╔══

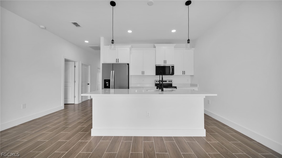 Be the first to live in this stunning brand-new construction duplex, offering modern design, comfort, and functionality. This spacious 3-bedroom, 2-bathroom residence features a bright open-concept layout with sleek contemporary finishes, quartz countertops, and stainless steel appliances throughout the kitchen. The thoughtfully designed split-bedroom floor plan provides added privacy, while the generous primary suite includes an en-suite bath. Additional highlights include tile flooring throughout, in-unit washer and dryer, a 2-car garage, and a screened-in covered lanai—perfect for relaxing or entertaining outdoors. Utilities & Maintenance: Property is served by a private well — no water or sewer bills Tenant responsible for electricity and all other utilities (cable, internet, and optional services) Washer and dryer are provided by the landlord for tenant use and convenience. Tenant agrees to use all appliances properly and promptly report any maintenance issues; damage caused by misuse or negligence will be the tenant’s responsibility. Conveniently located near schools, shopping, dining, and major roadways, this home offers the perfect balance of comfort and accessibility. Move-in ready and easy to show — schedule your private tour today.
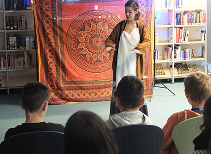 Wie in einer anderen Welt durften sich unsere Fünftklässler bei der Lesung „Die Geschichte von Scheherazade“ fühlen, die im Rahmen der Hamburger Märchentage in der Schulbibliothek stattfand. Märchen stehen jedes Jahr auf dem Lehrplan für die 5. Klasse, aber da geht es meistens um die bekannten Märchen der Gebrüder Grimm. Umso schöner, dass Roana Falkenberg ihre Zuhörer mitgenommen hat in „Tausendundeine Nacht“. Unterstützt wurde die Veranstaltung, bei der nicht vorgelesen, sondern auf beeindruckende Art und Weise nur aus dem Gedächtnis erzählt wurde, durch orientalischen Tanz. Die Kinder merkten schnell, dass man auch mit Tanz und Bewegung Geschichten erzählen kann.
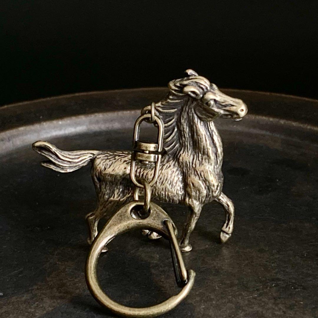 > 081 真鍮 キーホルダー ウマ 馬 干支 ビンテージ 風水 金運 開運 レトロ アンティーク 真鍮製 チャーム アクセサリー パーツ ハンドメイド
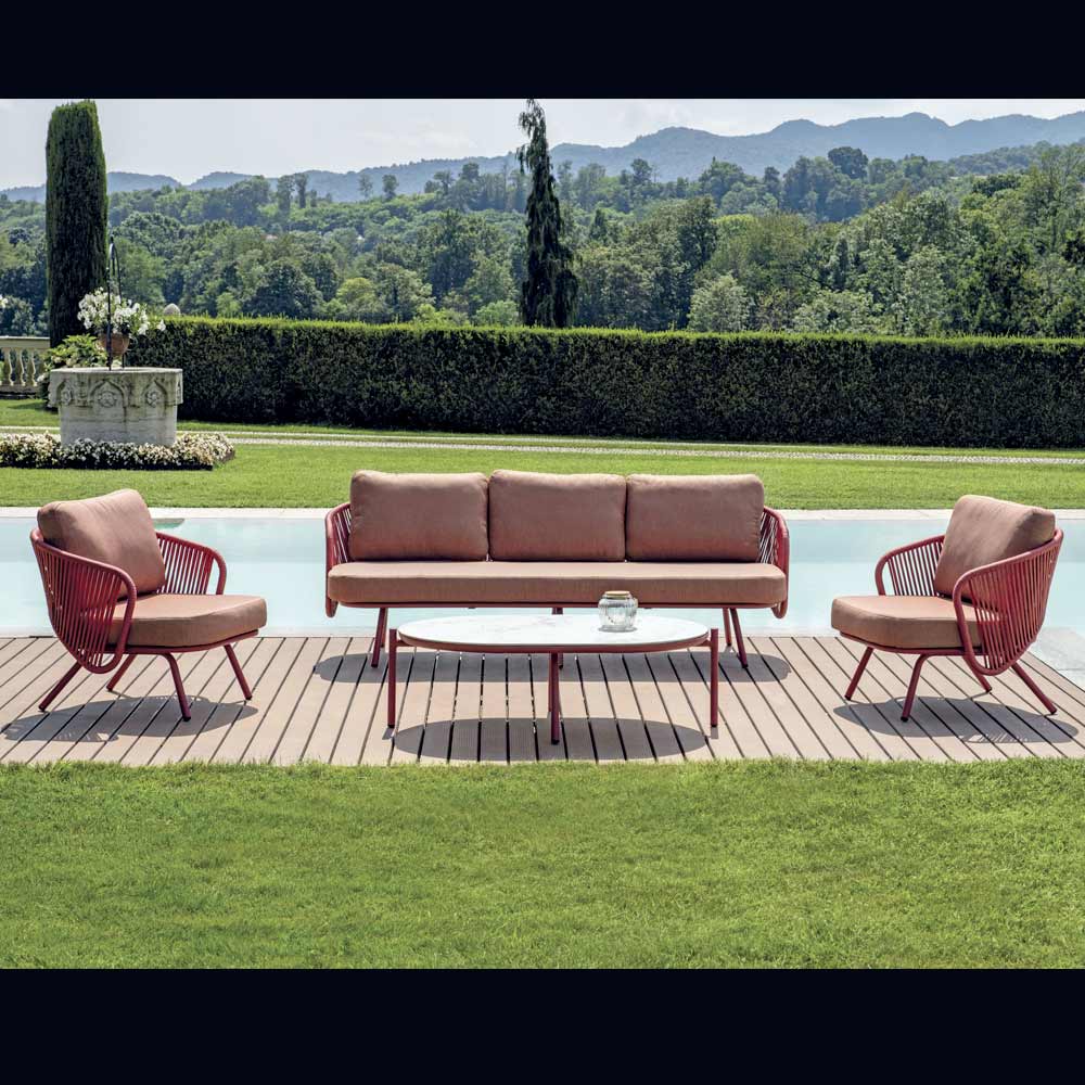 Este salón de jardín es la solución ideal para aquellos que buscan un equilibrio perfecto entre elegancia y confort. Compuesto por sillones y sofá con cojines tapizados y una robusta mesa de centro, este conjunto es el complemento ideal para disfrutar de momentos de relax al aire libre. El diseño moderno y las líneas limpias encajan perfectamente en cualquier entorno de exterior, desde patios espaciosos hasta jardines acogedores.
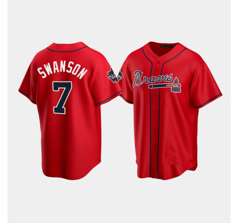 - Men's Braves Dansby Swanson Red 2021 All - Star Replica Game Patch Jersey
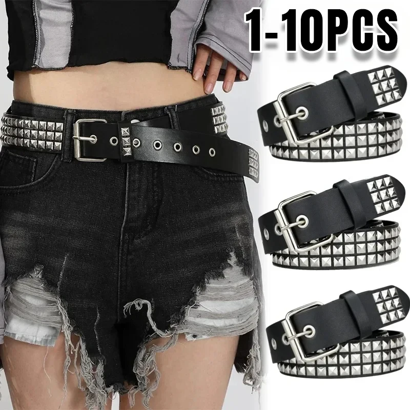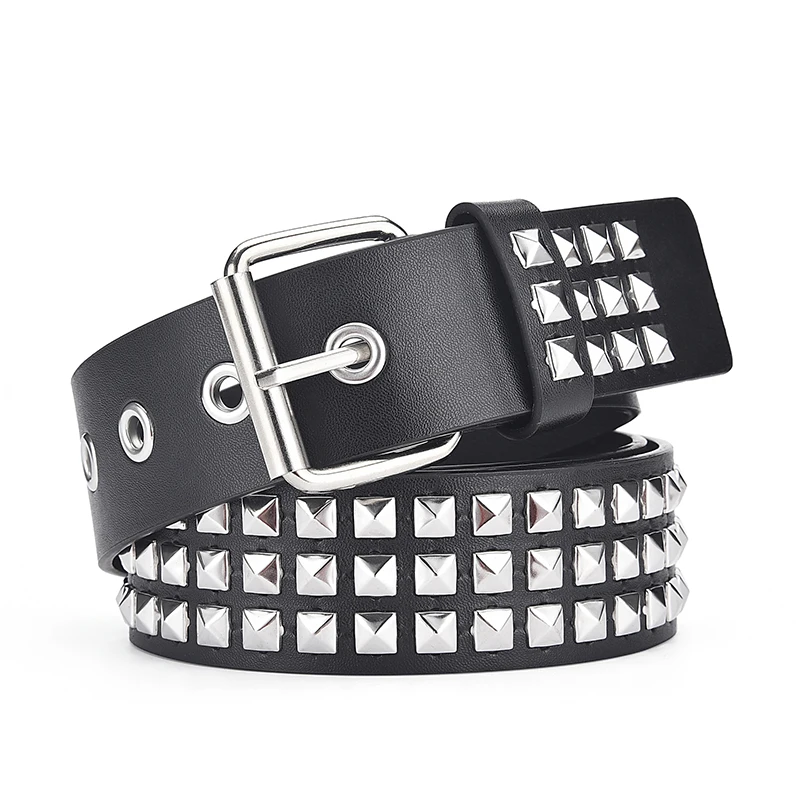 2023New Square Bead Rivet Belt Metal Pyramid Belt Men and Women Punk Hardware Jeans Belt Y2K Belt De...

╚══

[Problem]
Give back the entries verbatim but drop every picture.

[Result below]
 Be the first to live in this stunning brand-new construction duplex, offering modern design, comfort, and functionality. This spacious 3-bedroom, 2-bathroom residence features a bright open-concept layout with sleek contemporary finishes, quartz countertops, and stainless steel appliances throughout the kitchen. The thoughtfully designed split-bedroom floor plan provides added privacy, while the generous primary suite includes an en-suite bath. Additional highlights include tile flooring throughout, in-unit washer and dryer, a 2-car garage, and a screened-in covered lanai—perfect for relaxing or entertaining outdoors. Utilities & Maintenance: Property is served by a private well — no water or sewer bills Tenant responsible for electricity and all other utilities (cable, internet, and optional services) Washer and dryer are provided by the landlord for tenant use and convenience. Tenant agrees to use all appliances properly and promptly report any maintenance issues; damage caused by misuse or negligence will be the tenant’s responsibility. Conveniently located near schools, shopping, dining, and major roadways, this home offers the perfect balance of comfort and accessibility. Move-in ready and easy to show — schedule your private tour today.
 Wie in einer anderen Welt durften sich unsere Fünftklässler bei der Lesung „Die Geschichte von Scheherazade“ fühlen, die im Rahmen der Hamburger Märchentage in der Schulbibliothek stattfand. Märchen stehen jedes Jahr auf dem Lehrplan für die 5. Klasse, aber da geht es meistens um die bekannten Märchen der Gebrüder Grimm. Umso schöner, dass Roana Falkenberg ihre Zuhörer mitgenommen hat in „Tausendundeine Nacht“. Unterstützt wurde die Veranstaltung, bei der nicht vorgelesen, sondern auf beeindruckende Art und Weise nur aus dem Gedächtnis erzählt wurde, durch orientalischen Tanz. Die Kinder merkten schnell, dass man auch mit Tanz und Bewegung Geschichten erzählen kann.
 > 081 真鍮 キーホルダー ウマ 馬 干支 ビンテージ 風水 金運 開運 レトロ アンティーク 真鍮製 チャーム アクセサリー パーツ ハンドメイド
 Este salón de jardín es la solución ideal para aquellos que buscan un equilibrio perfecto entre elegancia y confort. Compuesto por sillones y sofá con cojines tapizados y una robusta mesa de centro, este conjunto es el complemento ideal para disfrutar de momentos de relax al aire libre. El diseño moderno y las líneas limpias encajan perfectamente en cualquier entorno de exterior, desde patios espaciosos hasta jardines acogedores.
 - Men's Braves Dansby Swanson Red 2021 All - Star Replica Game Patch Jersey
 2023New Square Bead Rivet Belt Metal Pyramid Belt Men and Women Punk Hardware Jeans Belt Y2K Belt De...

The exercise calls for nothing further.